#### What you need to do:
Lines containing the word "Fissuren" are to be copied from the data below.

#### Exercise materials:
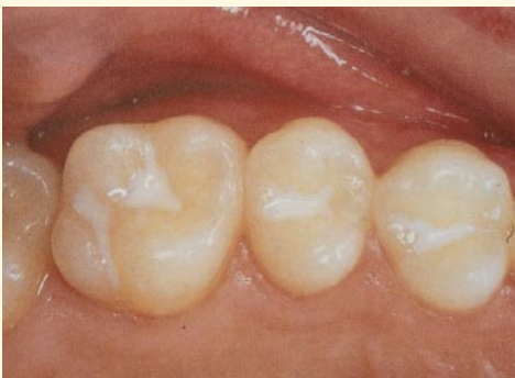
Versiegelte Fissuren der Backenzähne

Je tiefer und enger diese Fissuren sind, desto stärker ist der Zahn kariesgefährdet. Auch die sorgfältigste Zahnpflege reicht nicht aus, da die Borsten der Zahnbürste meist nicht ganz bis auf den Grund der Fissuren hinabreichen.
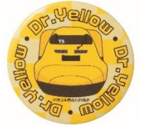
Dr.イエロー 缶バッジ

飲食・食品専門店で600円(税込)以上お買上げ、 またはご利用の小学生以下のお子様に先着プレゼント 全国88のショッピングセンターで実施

* * *

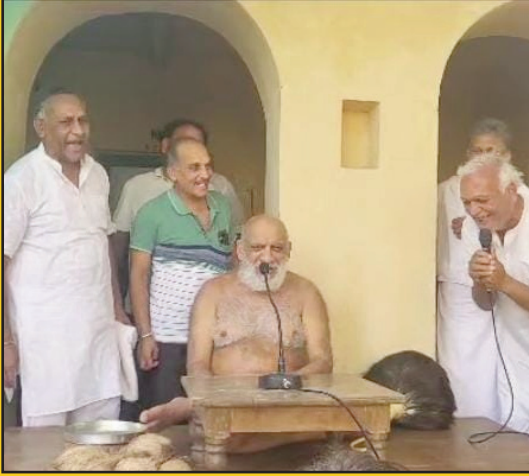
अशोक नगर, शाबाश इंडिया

#### Result of the task:
Versiegelte Fissuren der Backenzähne
Je tiefer und enger diese Fissuren sind, desto stärker ist der Zahn kariesgefährdet. Auch die sorgfältigste Zahnpflege reicht nicht aus, da die Borsten der Zahnbürste meist nicht ganz bis auf den Grund der Fissuren hinabreichen.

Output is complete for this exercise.